Fil d'Ariane
Plusieurs associations dont la puissante ACLU avaient attaqué dès samedi matin en justice ce décret promulgué vendredi soir par le président américain, qui a fait de la restriction de l'immigration un de ses principaux chevaux de bataille.
Le décret sur la "protection de la nation contre l'entrée de terroristes étrangers aux États-Unis" interdit pour 90 jours l'entrée aux États-Unis aux ressortissants de sept pays musulmans jugés dangereux - Irak, Iran, Yémen, Libye, Syrie, Soudan, Somalie - le temps de revoir les critères d'admission pour les réfugiés en provenance de ces pays.
Les associations le jugent discriminatoire et anticonstitutionnel, puisqu'il s'applique à des ressortissants disposant de papiers d'immigration en règle. Elles invoquent le 5e amendement pour estimer que toute remise en cause de leurs papiers ne peut être décidée arbitrairement par le gouvernement et nécessite une décision de justice.
L'application de ce décret anti-réfugiés dès vendredi soir a pris par surprise des personnes qui étaient déjà dans l'avion ou prêtes à partir.
Des dizaines de passagers - entre 100 et 200, selon le New York Times - se sont ainsi retrouvés interpellés à leur arrivée dans les aéroports américains et menacés d'expulsion.
En empêchant le gouvernement d'expulser les passagers interpellés après une audition d'urgence samedi soir, la juge Ann Donnelly n'a pas réglé toute l'affaire, a reconnu l'avocat de l'ACLU Lee Gelernt, en évoquant une nouvelle audition en février.
Mais elle a accordé un précieux répit aux associations et à toutes les personnes interpellées.
"L'important ce soir était que personne ne soit remis dans un avion", a souligné M. Gelernt à sa sortie du tribunal.
Il a également indiqué que la juge avait ordonné au gouvernement de communiquer la liste de toutes les personnes interpellées dans les aéroports américains depuis vendredi soir.

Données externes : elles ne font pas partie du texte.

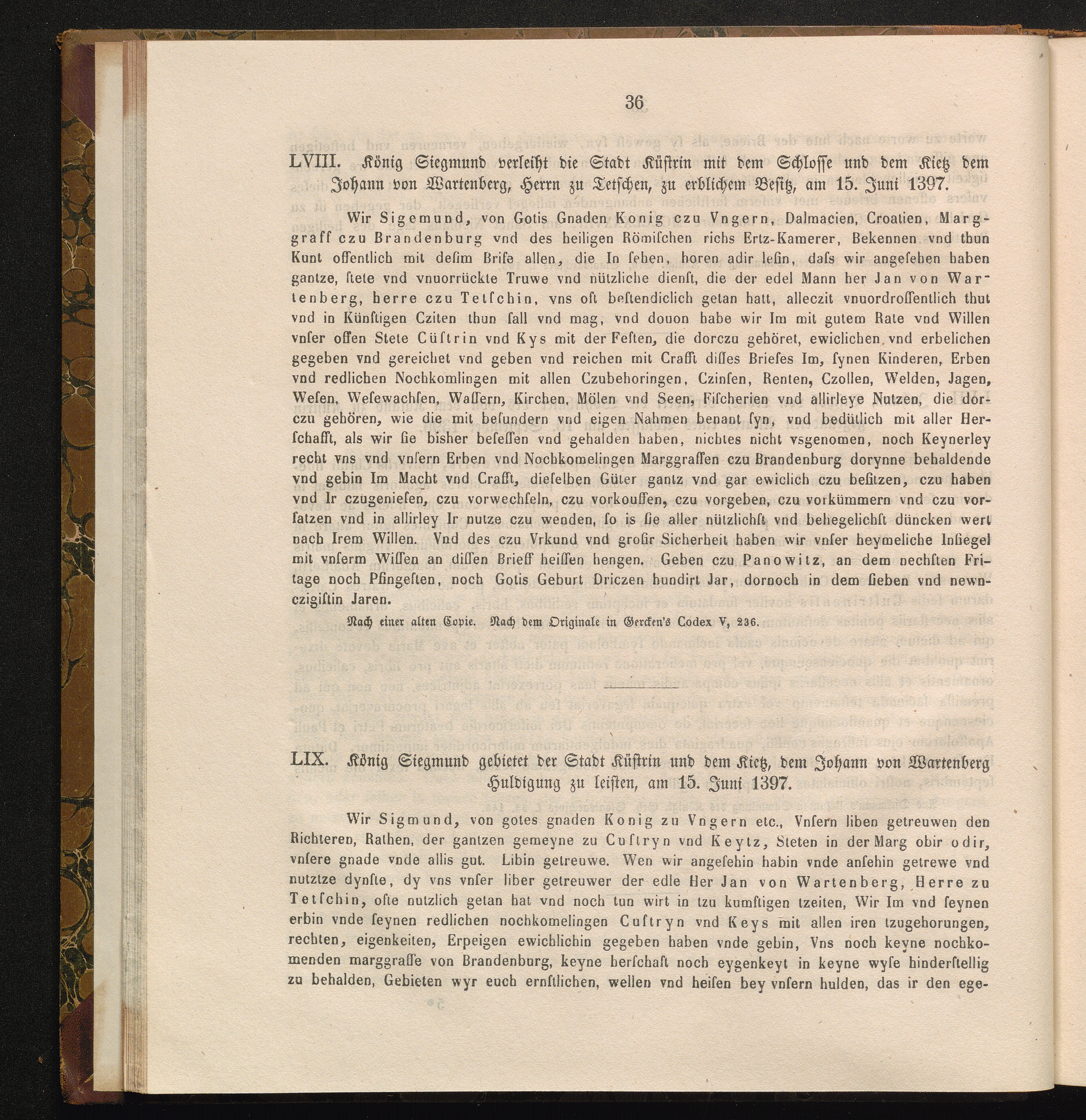LVIII. König Siegmund verleiht die Stadt Küstrin mit dem Schlosse und dem Kietz dem[...]
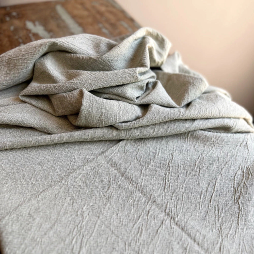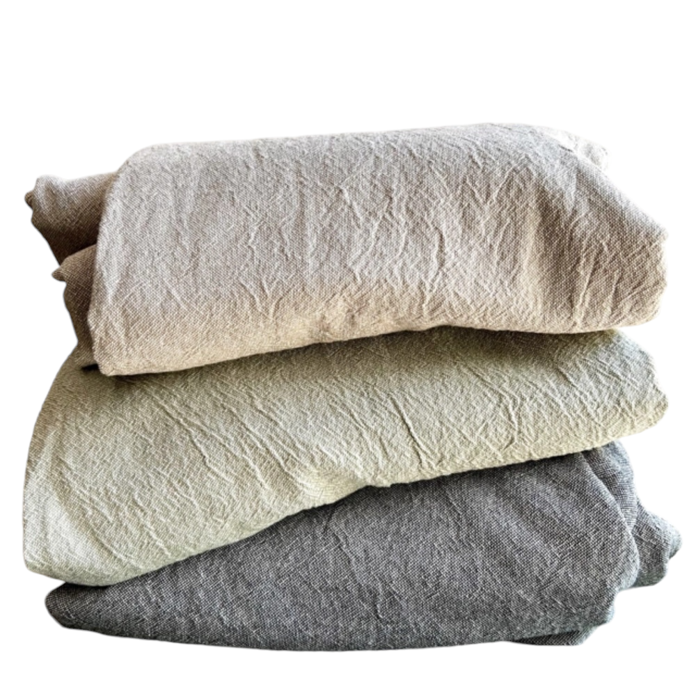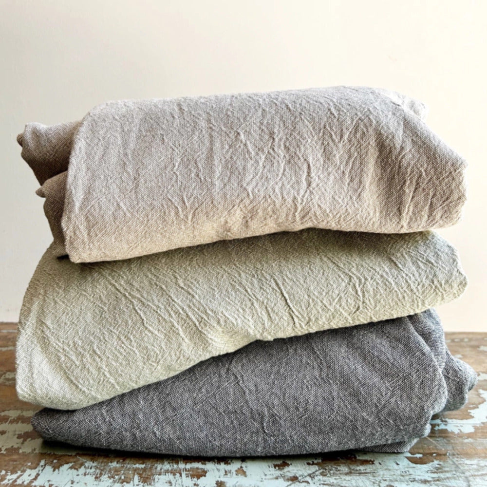 Mantel con textura y arrugado natural. Es de 100% algodón, noble y resistente al uso y al lavado. Son elaborados de manera artesanal, con el valor del trabajo manual y lo desigual que hace a cada pieza única.
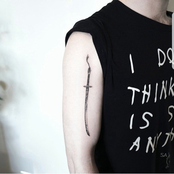 武士刀纹身 男生大臂上锋利的武士刀纹身图片
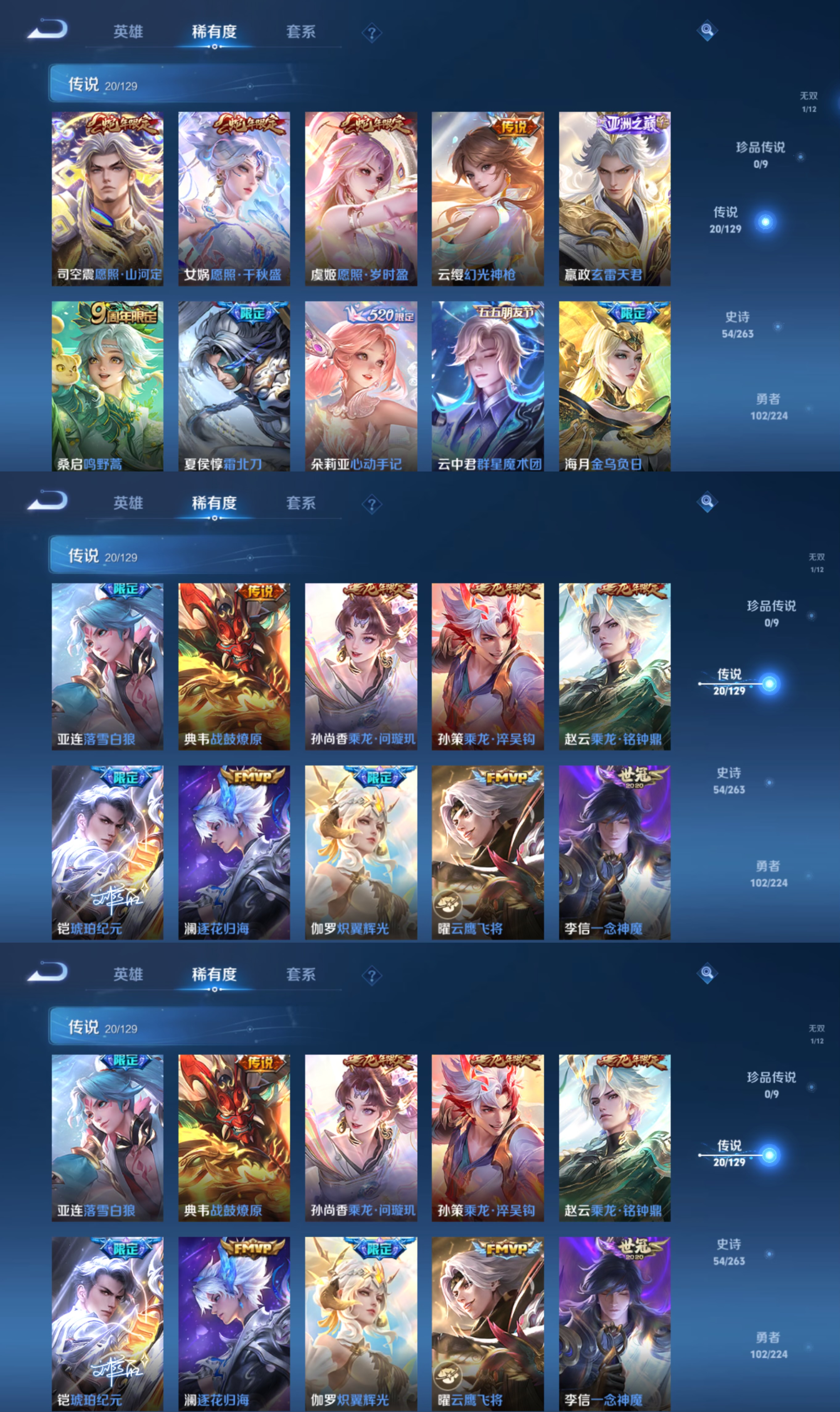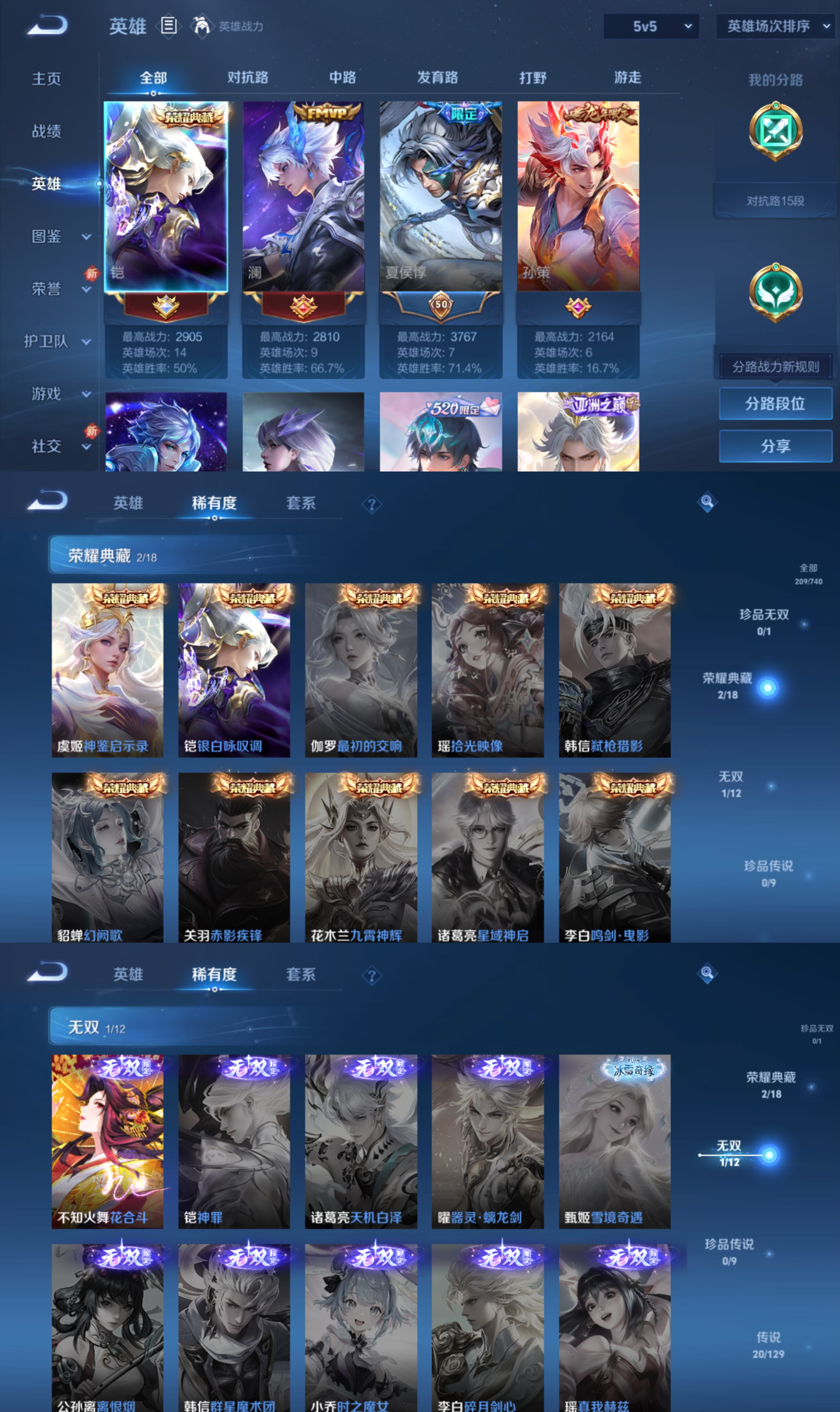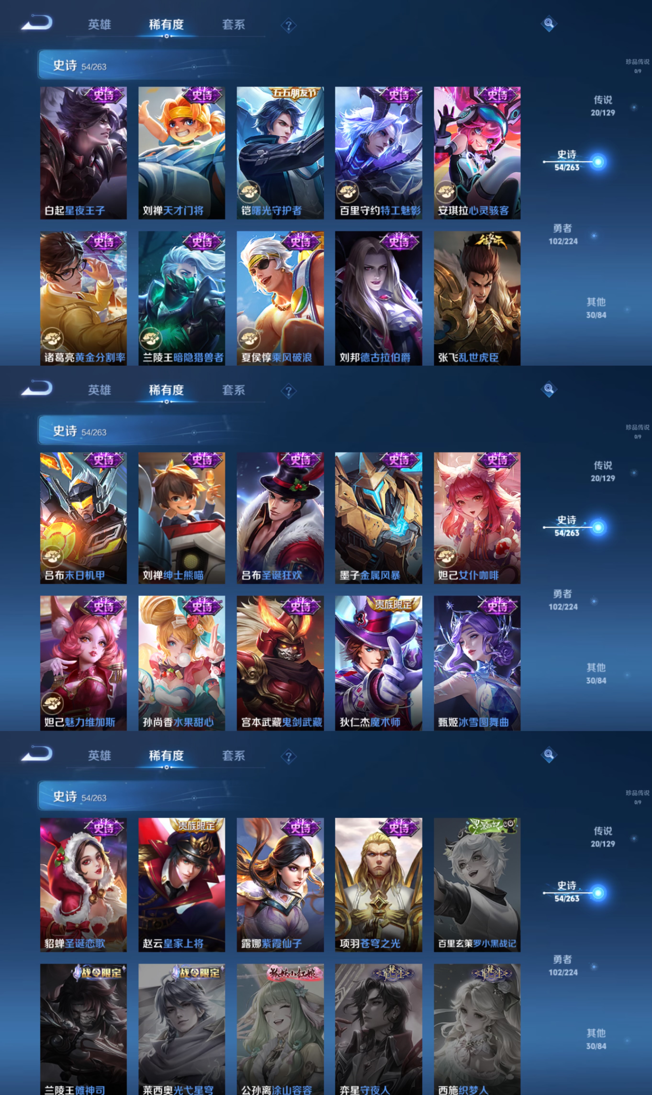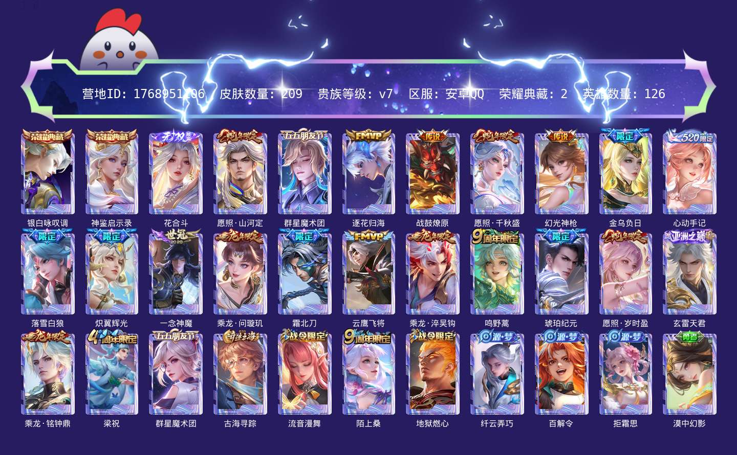 贵族等级:v7皮肤数:209传说品质20 生肖限定7 无双1 荣耀典藏2 英雄数:126

Cela devrait permettre aux associations de pouvoir se mobiliser pour toutes les personnes concernées, a-t-il précisé.
Une autre juge fédérale de Virginie a annoncé dans la foulée une décision similaire, concernant cette fois les passagers interpellés à l'aéroport de Dulles, près de Washington, selon le quotidien The Charlotte Observer.
La mobilisation des associations a commencé après l'interpellation de deux Irakiens vendredi soir à l'aéroport JFK de New York, qui avaient été associés au gouvernement américain en Irak et détenaient des visas d'immigration en bonne et due forme.
Samedi matin, une fois la plainte en justice déposée, et alors que Donald Trump affirmait que l'application du décret "marchait très bien", plusieurs associations appelaient à manifester, d'abord à JFK puis dans de nombreux aéroports du pays, comme Chicago, Los Angeles, San Francisco, Denver, Minneapolis.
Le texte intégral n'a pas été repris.